Task instructions:
Your job with the data below is to output exactly the lines from the one holding "Deze platte LED-loupe" down to the one holding "对于对象类型的属性来说,属性", both included, and no others.

Available data:
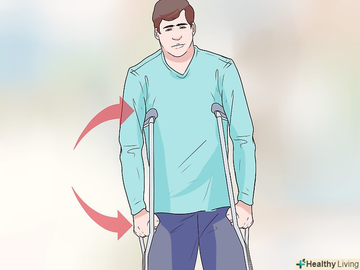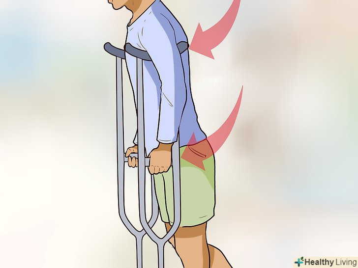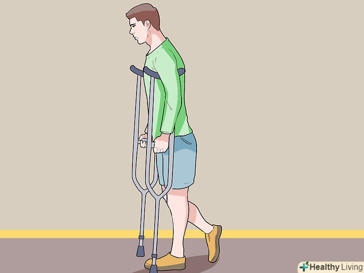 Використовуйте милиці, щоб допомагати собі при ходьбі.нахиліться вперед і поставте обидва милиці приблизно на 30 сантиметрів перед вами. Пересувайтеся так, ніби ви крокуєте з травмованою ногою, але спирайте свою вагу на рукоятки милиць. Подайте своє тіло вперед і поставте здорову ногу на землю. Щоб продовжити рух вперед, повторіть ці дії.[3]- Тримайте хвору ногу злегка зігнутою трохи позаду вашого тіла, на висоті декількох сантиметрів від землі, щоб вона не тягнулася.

---

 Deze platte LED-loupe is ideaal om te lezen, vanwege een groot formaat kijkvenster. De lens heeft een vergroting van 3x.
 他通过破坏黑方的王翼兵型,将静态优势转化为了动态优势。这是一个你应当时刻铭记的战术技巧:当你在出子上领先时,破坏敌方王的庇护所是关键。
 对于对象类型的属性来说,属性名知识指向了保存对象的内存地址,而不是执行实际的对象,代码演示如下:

Output below:
 Deze platte LED-loupe is ideaal om te lezen, vanwege een groot formaat kijkvenster. De lens heeft een vergroting van 3x.
 他通过破坏黑方的王翼兵型,将静态优势转化为了动态优势。这是一个你应当时刻铭记的战术技巧:当你在出子上领先时,破坏敌方王的庇护所是关键。
 对于对象类型的属性来说,属性名知识指向了保存对象的内存地址,而不是执行实际的对象,代码演示如下:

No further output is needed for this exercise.